### Data excerpt
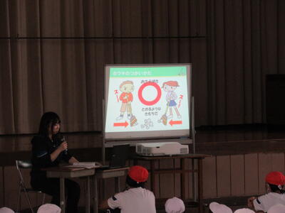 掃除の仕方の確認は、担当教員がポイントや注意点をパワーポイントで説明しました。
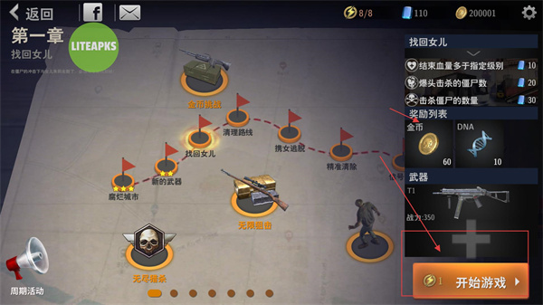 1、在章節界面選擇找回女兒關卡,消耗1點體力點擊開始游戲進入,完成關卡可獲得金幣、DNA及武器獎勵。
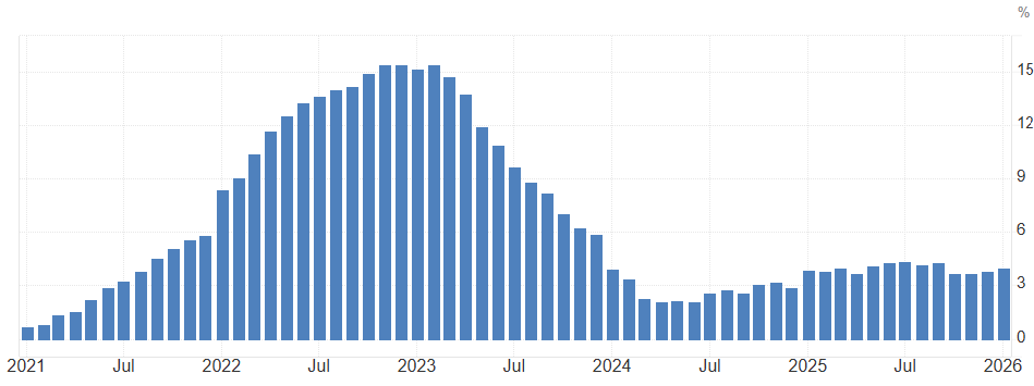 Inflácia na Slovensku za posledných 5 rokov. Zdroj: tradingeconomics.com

### Task details
The copy should hold exactly the lines from the line containing "1、在章節界面選擇找回女兒關" through the end of the data, both ends included, and no pictures.

### Expected answer
 1、在章節界面選擇找回女兒關卡,消耗1點體力點擊開始游戲進入,完成關卡可獲得金幣、DNA及武器獎勵。
 Inflácia na Slovensku za posledných 5 rokov. Zdroj: tradingeconomics.com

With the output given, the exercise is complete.